Pas toi. Du moins pas cette fois-ci, n'est-ce pas surprenant ? L'objet de ma rage immédiate est quelqu'un d'autre pour une fois. Pas que tu sois hors de cause.

Mais c'est Granger. Putain de Granger. Tu ne la connais pas, mais tu serais désolé si c'était le cas. Elle est — elle est foutrement absurde. Putain d'impossible à supporter. Un mélange infernal de tout ce que je ne peux foutrement pas supporter. Putain d'atroce, détestable, je-sais-tout, têtue, foutre-du-sel-dans-mon-putain-d'œil, tête de mule. J'espérais tellement qu'on me donne l'ordre de la tuer pendant la guerre. Tellement. (Fais pas une crise, d'accord ? Je suis réformé.)

Mais tu la tuerais aussi, si tu en avais l'occasion. Tu lui tordrais ce ridicule petit cou d'oiseau avant qu'elle puisse finir une phrase. Parce qu'elle te dirait probablement que tu as tort. Elle te ferait probablement sentir que tu as la tête dans le cul, alors qu'en réalité, c'est le foutu balai dans le sien qui rend tout si foutrement difficile.

Pour aggraver les choses, elle boude maintenant. Boude. Quel gobelin est sorti d'un trou et a décidé que nous avions besoin de cette malédiction particulière dans nos vies ? Je veux lui serrer la main, parce que c'est une méthode de torture foutrement excellente.

Granger est déjà une je-sais-tout. Je n'arrive pas à imaginer quelque chose de pire qu'une je-sais-tout boudeuse. Ajoute à cela cette foutue tignasse frisée sur sa tête et tu as un dîner et un spectacle.

Je déteste ça. Je la déteste. Je les déteste tous.

Je veux juste être foutrement tranquille. Est-ce si difficile ? Si mal ?
Encore une autre question pour aujourd'hui. Bande d'enfoirés.

"Quelles méthodes utilisez-vous pour introduire l'équilibre dans votre vie quotidienne ?"

Le whisky pur feu pourrait bien être la réponse à tout à ce rythme. Et le sort de Jambencoton occasionnel au visage. Je le fais moi-même. C'est génial. Ça m'aide vraiment à équilibrer les choses.

Alors ouais.

Va te faire foutre.

Draco Malfoy

8 septembre 1998

Elle ne peut que picorer le saucisson italien au petit-déjeuner, jouant avec sa fourchette, bien qu'il sente divinement bon. C'est la seule chose dans son assiette, et elle ne peut pas se résoudre à en prendre une bouchée. Son appétit est porté disparu depuis une semaine environ. Depuis son retour à Poudlard, en réalité.

Et l'incident avec Malfoy la veille au soir n'arrange rien.

Pour aggraver les choses, pendant la première demi-heure du petit-déjeuner, il n'est pas à la table des Serpentard, et pendant vingt-neuf longues minutes, elle pense qu'il est effectivement mort.
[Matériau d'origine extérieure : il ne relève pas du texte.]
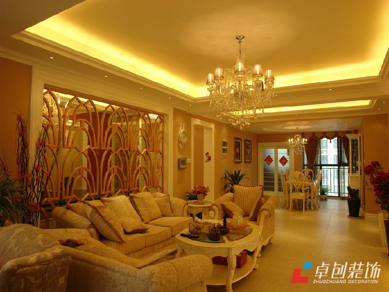 客廳效果圖:沙發(fā)背景墻用花格和玻璃設(shè)計(jì),銀色水晶吊燈盡顯簡(jiǎn)歐風(fēng)情。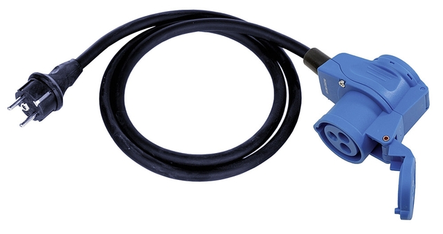 Redukce do stěnové zástrčky CEE s integrovanou zásuvkou Schuko na vnější straně a kontrolkou napětí. Stupeň krytí: IP44, max. napětí 230 V / proud 16 A, kabel 2,5 mm2 o délce 150 cm, hmotnost: 500 g.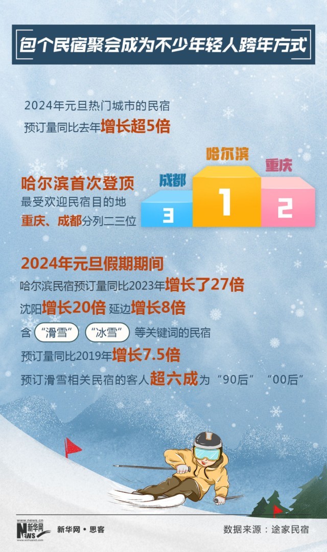 2024年元旦,民宿成為冰雪旅游一大熱詞。2024年元旦熱門(mén)城市的民宿,預(yù)訂量同比2023年增長(zhǎng)超5倍。北方民宿更是強(qiáng)勢(shì)崛起,哈爾濱首次登頂最受歡迎民宿目的地。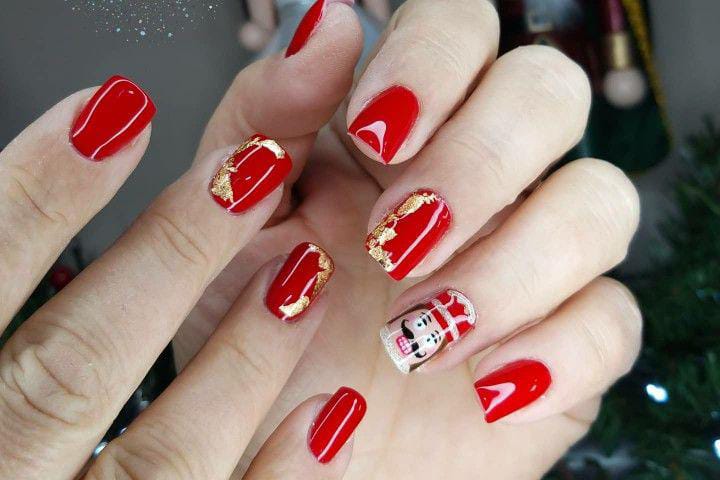 This design features bold, glossy red nails accented with touches of gold foil and a single Nutcracker accent nail, giving it a festive yet elegant holiday feel. The mix of shine and metallic details makes it look rich and traditional Christmas.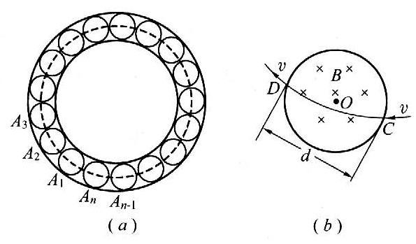 65.我国1989年初投入运行的高能粒子加速器——北京正负电子对撞机是一种现代的新型加速器。正负电子对撞机的最后部分的简化示意图如图所示(俯视图),位于水平面内的粗实线所示的圆环形真空管是正负电子作圆周运动的“容器”,经过加速器加速后的正负电子被分别引入该管道时,具有相等的速率v,它们沿管道向相反的方向运动。在管道内控制它们转弯的是一系列圆形电磁铁,即图中的A1、A2、A3、…An,共n个,均匀分布在整个圆环上,每个电磁铁内的磁场都是匀强磁场,并且磁感应强度都相同,方向竖直向下,磁场区域的直径为d。改变电磁铁内电流的大小,就可以改变磁场的磁感应强度,从而改变电子偏转的角度。经过精确的调整,首先实现电子在环行管道中沿图(a)中粗虚线所示的轨迹运动,这时电子经过每个电磁铁时射入点和射出点都在电磁铁的同一条直径的两端,如图(b)所示。这就为进一步实现正负电子对撞做好了准备。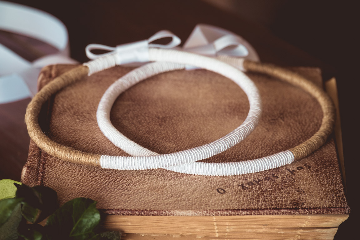 Τα στέφανα συνοδεύονται από πολυτελές κουτί και δύο καρφίτσες, γαμπρού και κουμπάρου.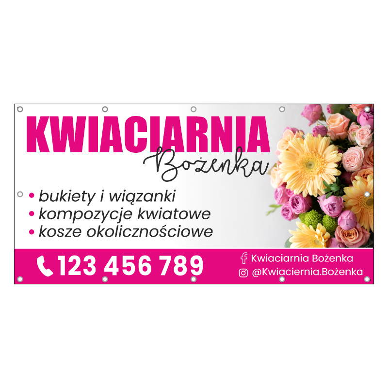 Baner reklamowy z gotowym wzorem dla kwiaciarni 2×1 m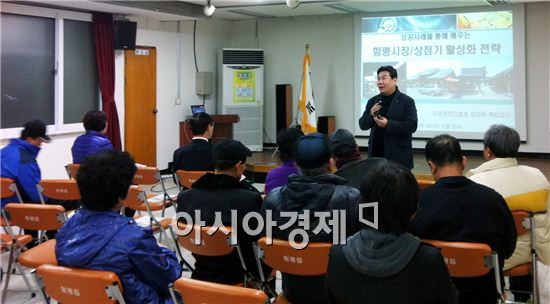 전남 함평군 함평읍경제살리기협의회(회장 박세영)는 지난달 26일부터 30일까지 5일간 함평읍사무소 회의실에서 관내 상가 대표 60여명을 대상으로 맞춤형 교육을 실시했다.경기침체 및 장기 불황에 따른 관내 상가의 활성화를 위해 전문 강사를 초빙하여 진행된 이번 교육은 가게를 비울 수 없는 상가의 특성을 고려해 야간 시간대인 오후 7시부터 9시까지 운영돼 큰 호응을 얻었다.교육에 참석한 이 모 씨는 "평소 장사에는 일가견이 있다고 생각했는데 침체되고 있는 상가가 다시 살아나기 위해서는 상인들의 실천을 통한 변화된 모습이 중요하다는 강의에 크게 공감했다 “며 "다시 이런 기회가 마련된다면 주변 상가 상인들이 참석할 수 있도록 적극 추천하겠다”고 말했다. 김귀채 함평읍장은 인사말에서 "함평읍 경제 살리기와 맞물려 열린 이번 교육으로 상인들의 변화와 경영에 대한 마인드가 한층 높아져 관내 상가가 더욱 활성화되는 계기가 될 것으로 기대된다 “고 말했다. 노해섭 기자 nogary@<ⓒ세계를 보는 창 경제를 보는 눈, 아시아경제(www.asiae.co.kr) 무단전재 배포금지>

Harry et Ron questionnent plus d'une fois le regard consterné sur son visage, mais elle les écarte — attribue cela à un mal de ventre et continue de fixer, soit la table soit les portes de la Grande Salle. De temps en temps les fenêtres. Celles qui donnent sur le lac Noir.

L'image d'un corps pâle flottant est beaucoup trop vivide, peinte sur la face de ses paupières à chaque fois qu'elle cligne des yeux.
Est-il possible qu'il ait réellement mis ses menaces à exécution ?
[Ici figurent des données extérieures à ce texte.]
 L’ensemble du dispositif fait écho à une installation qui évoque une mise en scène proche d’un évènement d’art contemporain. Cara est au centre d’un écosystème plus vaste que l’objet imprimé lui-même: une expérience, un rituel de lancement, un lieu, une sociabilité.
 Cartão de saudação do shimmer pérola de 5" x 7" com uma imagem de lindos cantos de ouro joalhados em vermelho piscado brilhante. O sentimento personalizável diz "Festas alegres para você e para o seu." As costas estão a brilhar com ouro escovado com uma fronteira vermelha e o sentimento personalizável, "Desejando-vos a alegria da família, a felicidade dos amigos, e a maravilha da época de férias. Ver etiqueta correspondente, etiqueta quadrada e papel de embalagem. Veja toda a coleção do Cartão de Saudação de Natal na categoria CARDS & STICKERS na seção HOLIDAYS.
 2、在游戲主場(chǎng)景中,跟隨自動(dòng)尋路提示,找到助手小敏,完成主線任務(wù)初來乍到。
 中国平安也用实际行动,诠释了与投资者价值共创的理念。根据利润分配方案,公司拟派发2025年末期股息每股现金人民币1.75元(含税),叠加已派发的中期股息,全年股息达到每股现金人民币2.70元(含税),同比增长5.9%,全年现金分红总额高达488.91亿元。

Elle pensait avoir pris une décision sur le concept. Sur le fait que cela lui importe ou non. Avait décidé que cela ne lui importe certainement pas.

Mais maintenant, elle n'en est plus si sûre. Elle est déconcertée, pour le moins que l'on puisse dire. Elle se demande si elle peut se permettre de se blâmer pour quelque chose de plus.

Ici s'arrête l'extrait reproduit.